Mayo Clinic Suspends A Doctor Who Commented in NYTimes About Testosterone's impact when Trans-athletes compete in Women's sports
Mayo clinic violates academic freedom
FIRE— an organization devoted to championing free speech on university campuses— has broken the story of Mike Joyner, a Mayo Clinic Professor suspended for comments he made to the news media. They even published his disciplinary letter.
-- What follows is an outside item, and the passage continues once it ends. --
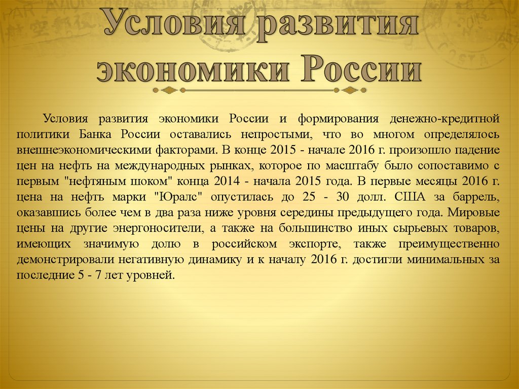 Условия развития экономики России и формирования денежно-кредитнойполитики Банка России оставались непростыми, что во многом определялось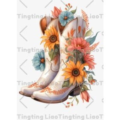 Cowboy Boots,Flowers,Illustrations,Art,Fields

It appears Mike Joyner is in part being punished for comments he made about fairness when trans-athletes compete in women’s sports. Allow me to outline the details of this action, and build my case that Mayo clinic is in complete and egregious violation of Academic Freedom.
As a bit of background. Mike Joyner is an anesthesiologist and expert in sports physiology. Pre-pandemic we were allies. We agreed that the genome has been massively overhyped and Francis Collins specialized in that hype. We exchanged hundreds of emails on genomic oncology, and I have published extensively on it.
During the pandemic, we drifted apart because I was opposed to giving convalescent plasma outside of randomized studies, and Mike gave a ton of it, outside randomized studies. As readers know, my philosophy is RCT or STFU— especially for experimental agents that may have negative side effects. But here are the rules of academics. It Mike’s job to say what he thinks, and my job to say why he is wrong.
Now let’s turn to what happened.
Exhibit A: on FIRE website is the disciplinary letter. It specifically cites “idiomatic language” in a NYTimes article as part of Mikes problematic behavor. What— What did Mike say?
In an article on whether it is fair for Lia Thomas to compete with women, Mike Joyner— an expert in exercise physiology— is repeatedly quoted in a way that would imply he thinks it is unfair. Here is the relevant section. (Note the article is from May 29, 2022— not June, but I can’t find anything in June that fits the disciplinary notes description).
This sentence highlighted in blue is the only one that makes sense to me that Mayo could be talking about. The role of testosterone in sports. The only idiomatic expression I see is the “800-pound gorilla.”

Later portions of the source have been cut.